Location: Tioga County
961 posts, read 2,504,251 times
Reputation: 1752
Quote:
Originally Posted by Submariner View Post
I participated in two 'Fleet Operational Test' launches of FBM missiles. The first time was in the 1970s [USS George C. Marshall SSBN 654], and second time was in the 1990s [USS Alaska SSBN 732]. Two different subs. Both times we launched four missiles in rapid secession from off the coast of Morocco, aiming for targets in New Mexico.

When you launch missiles it sets up a harmonic vibration in the hull of the sub. When we did it on the Alaska it was right after the Florida had done it. When the Florida did it, they miss-timed the sequence of launches which then caused thousands of micro stress fractures to open in their hull. Sea water was seeping through their hull in thousands of places. Those hulls are over 3 inches thick solid HY-80 spring steel.

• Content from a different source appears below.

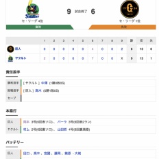 【巨人試合結果…】[巨6-9ヤ] 巨人逆転負け…岡本バックスクリーン弾含む4安打! パーラ一時逆転2ラン!6回中継ぎ陣が崩れ計7失点…
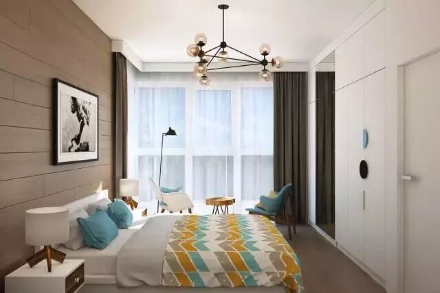 床尾对面的墙,做了嵌入式的衣柜设计。因为阳台还需要晒衣功能,所以在阳台和卧室中间加装了窗帘。

The hulls are designed to flex like a guitar string or tuning fork to release stress. But once they start vibrating you must be extra careful of when you introduce other stresses. A single depth charge going off near a sub will make the hull vibrate like the string of a harp. Given a few minutes the vibration dies down. I have seen videos of tests when they were setting off depth charges next to a sub hull, it is neat to watch.

I have never been outside of a sub when it was launching FBM missiles. But I can tell you that inside the sub they do make a huge noise. We launch from 150-foot depth btw.
.....Curious..you mention depth charges..does anyone still use those drum type depth charges anymore?